Congressman Sergio Osmeña, Jr., in a privilege speech delivered before the House, made the serious imputations of bribery against the President.
A special committee, composed of Congressman Salapida K. Pendatun and fourteen other congressmen, was created by virtue of House Resolution No. 59, to investigate the truth of the charges against the President.
Osmeña failed to produce evidence in support of his remarks about the President. He was, by Resolution No. 175, suspended from office for a period of fifteen months for serious disorderly behaviour.
Osmeña submitted to the SC a verified petition for “declaratory relief, certiorari and prohibition with preliminary injunction” against the members of the special committee.

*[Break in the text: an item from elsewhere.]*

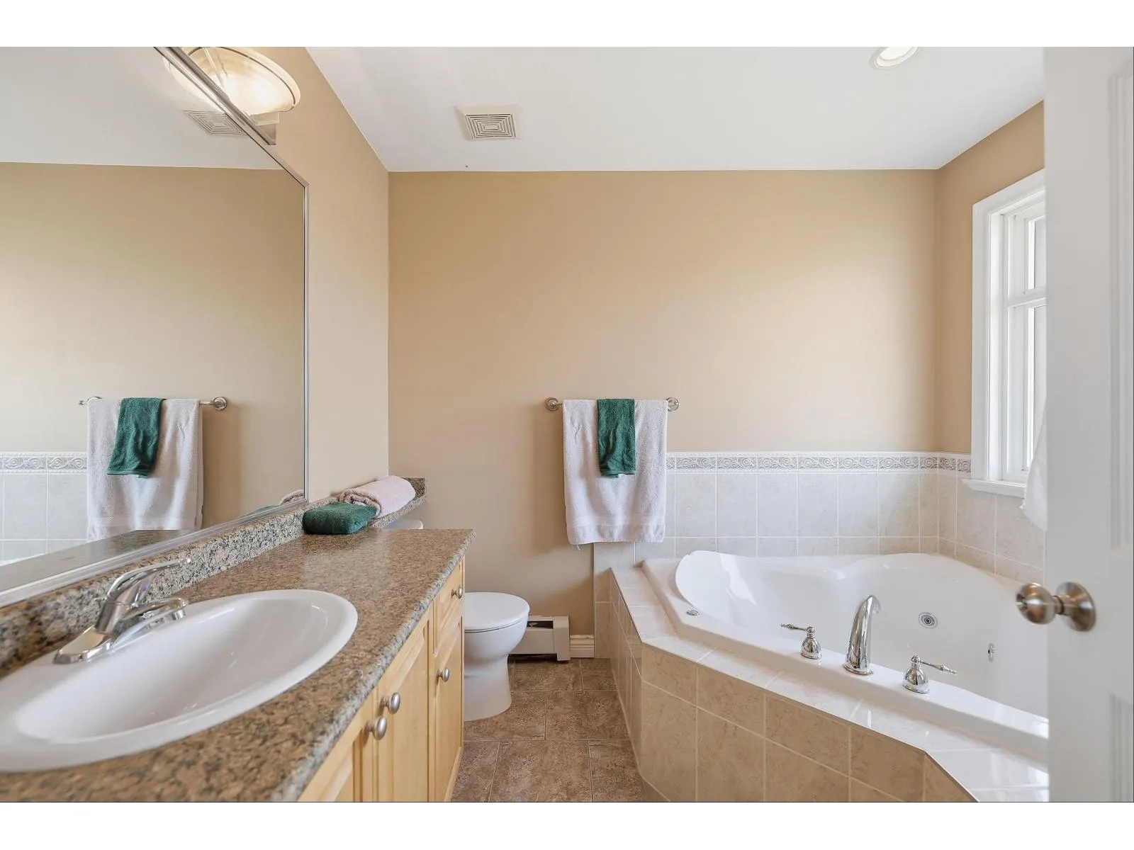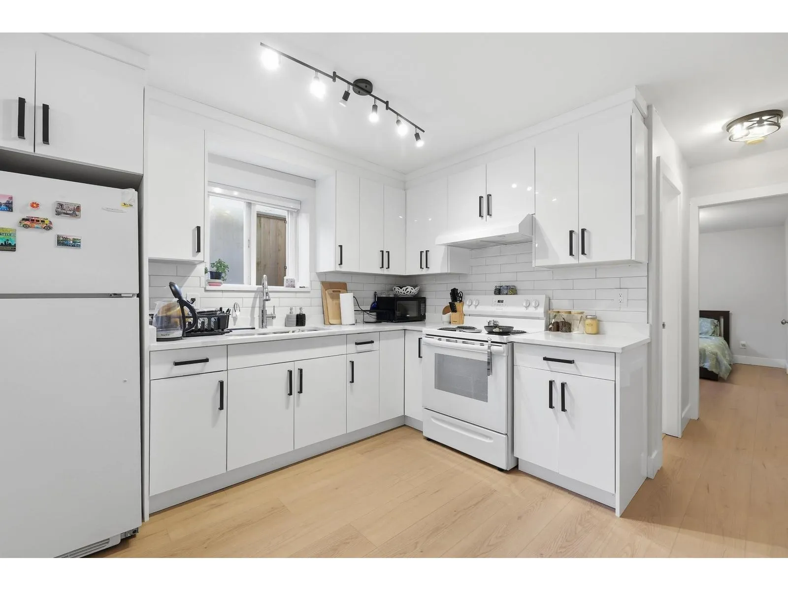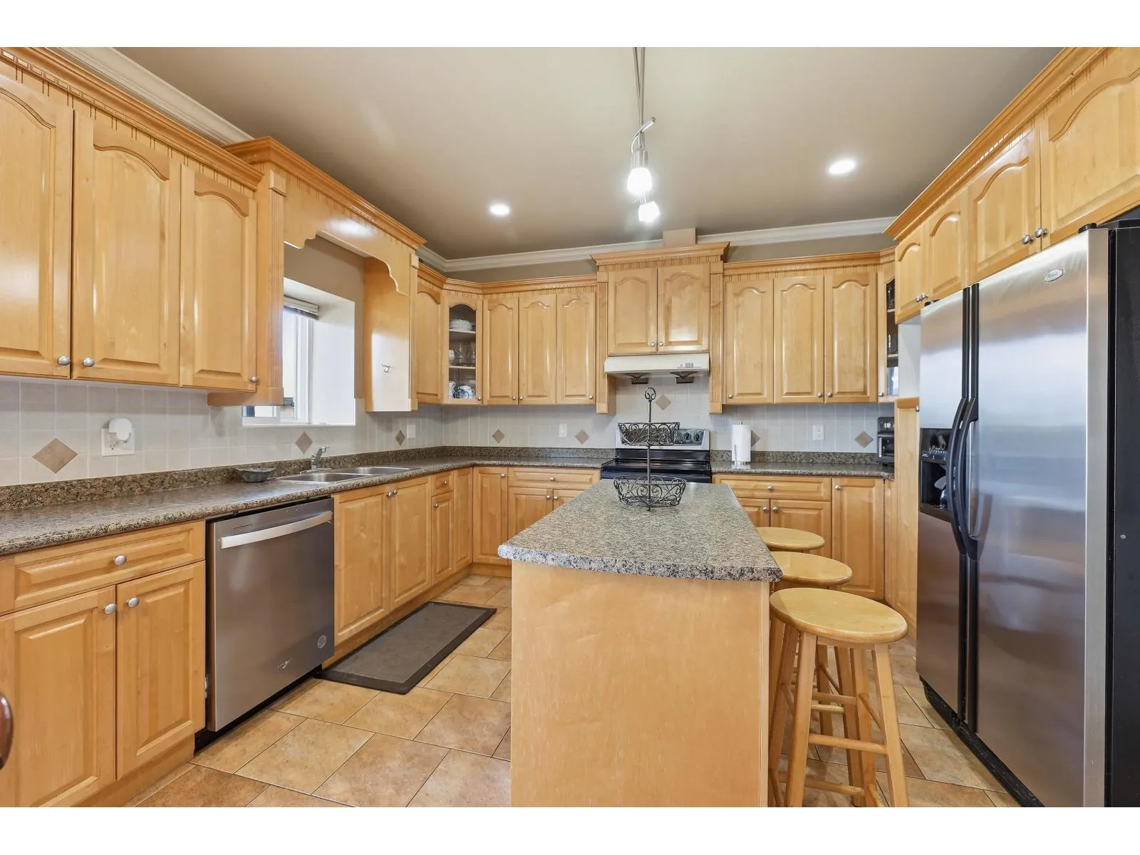 This three-storey family home features four bedrooms and three bathrooms on the upper level, with a main level that showcases maple hardwood floors, a kitchen with maple cabinetry, and a spice kitchen with a gas stove. The living, dining, and den areas flow together, and there is an eat-in area adjacent to the spacious family room. The basement is fully

He asked for annulment of Resolution No. 59 on the ground of infringement of his parliamentary immunity.
Several respondents challenged the jurisdiction of this Court to entertain the petition, and defended the power of Congress to discipline its members with suspension.
- What is parliamentary immunity?
- Whether or not the delivery of speeches attacking the Chief Executive constitutes disorderly conduct.

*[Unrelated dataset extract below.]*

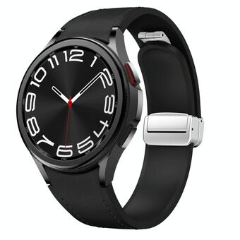 Για Samsung Galaxy Watch 6 Μαγνητική μαύρη πόρπη δερμάτινη ζώνη ρολογιού σιλικόνης (Μαύρο)
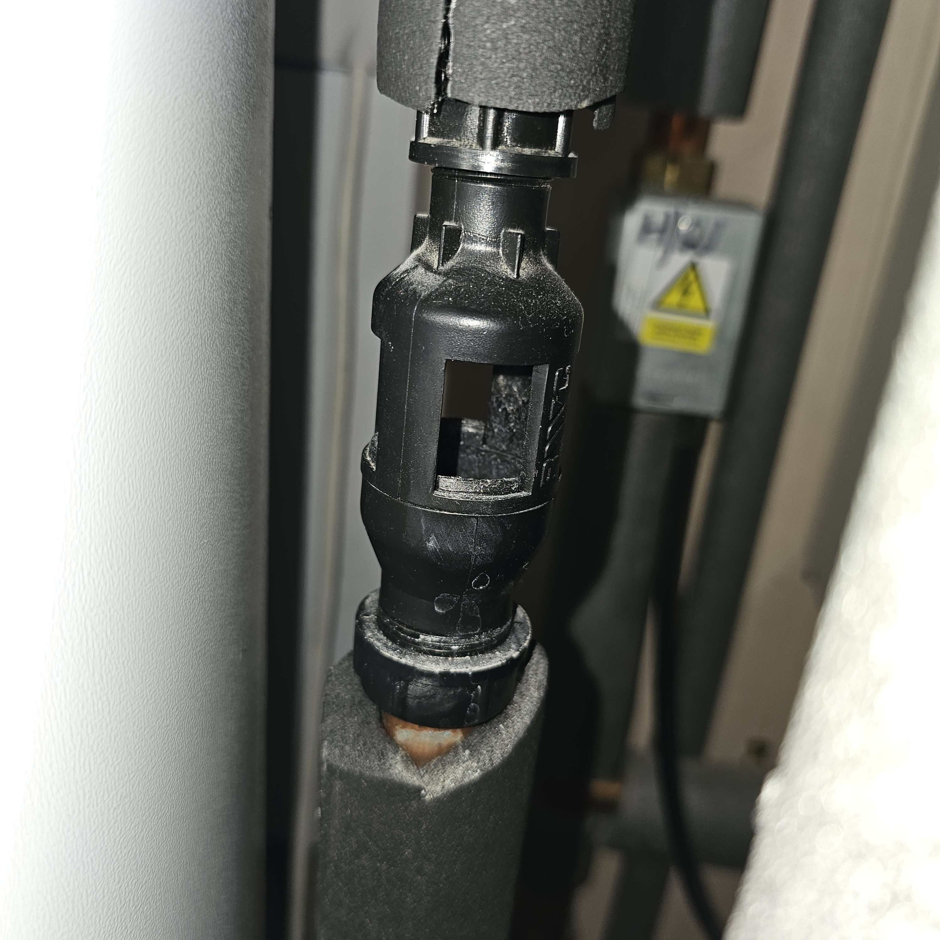 ProDave Posted 4 hours ago Posted 4 hours ago "servicing a heat pump" might be slightly specialised, but just about any plumber should be able to do all the normal things related to the rest of the system like expansion vessels pressure checks etc. Those would all be the same if you had a gas or oil boiler as the heat source. So it looks like the red heating expansion vessel is okay. Just the 2 white ones to check. Can we have a photo of the pipework under the tanks? We are looking for a Tundish that will look a bit like this When you find something like that, have a close look at it. If there is a problem with the 2 white tanks that the plumber wants to change, then whenever it heats the hot water, you will see water dribbling down the inside of this. It should be bone dry normally. 1

Section 15, Article VI of our Constitution provides that “for any speech or debate” in Congress, the Senators or Members of the House of Representative “shall not be questioned in any other place.”
Our Constitution enshrines parliamentary immunity which is a fundamental privilege cherished in every legislative assembly of the democratic world. As old as the English Parliament, its purpose “is to enable and encourage a representative of the public to discharge his public trust with firmness and success” for “it is indispensably necessary that he should enjoy the fullest liberty of speech, and that he should be protected from the resentment of every one, however powerful, to whom exercise of that liberty may occasion offense.”
Such immunity has come to this country from the practices of Parliamentary as construed and applied by the Congress of the United States. Its extent and application remain no longer in doubt in so far as related to the question before us.
It guarantees the legislator complete freedom of expression without fear of being made responsible in criminal or civil actions before the courts or any other forum outside of the Congressional Hall. But it does not protect him from responsibility before the legislative body itself whenever his words and conduct are considered by the latter disorderly or unbecoming a member thereof.
On the question whether delivery of speeches attacking the Chief Executive constitutes disorderly conduct for which Osmeña may be disciplined, many arguments pro and con have been advanced.
We believe, however, that the House is the judge of what constitutes disorderly behaviour, not only because the Constitution has conferred jurisdiction upon it, but also because the matter depends mainly on factual circumstances of which the House knows best but which can not be depicted in black and white for presentation to, and adjudication by the Courts.
For one thing, if this Court assumed the power to determine whether Osmeña conduct constituted disorderly behaviour, it would thereby have assumed appellate jurisdiction, which the Constitution never intended to confer upon a coordinate branch of the Government.
The theory of separation of powers fastidiously observed by this Court, demands in such situation a prudent refusal to interfere.
Each department, it has been said, had exclusive cognizance of matters within its jurisdiction and is supreme within its own sphere. (Angara vs. Electoral Commission, 63 Phil., 139.)
SEC. 200. Judicial Interference with Legislature. — The principle is well established that the courts will not assume a jurisdiction in any case amount to an interference by the judicial department with the legislature since each department is equally independent within the power conferred upon it by the Constitution. . . . .
The general rule has been applied in other cases to cause the courts to refuse to intervene in what are exclusively legislative functions. Thus, where the stated Senate is given the power to example a member, the court will not review its action or revise even a most arbitrary or unfair decision. (11 Am. Jur., Const. Law, sec. p. 902.)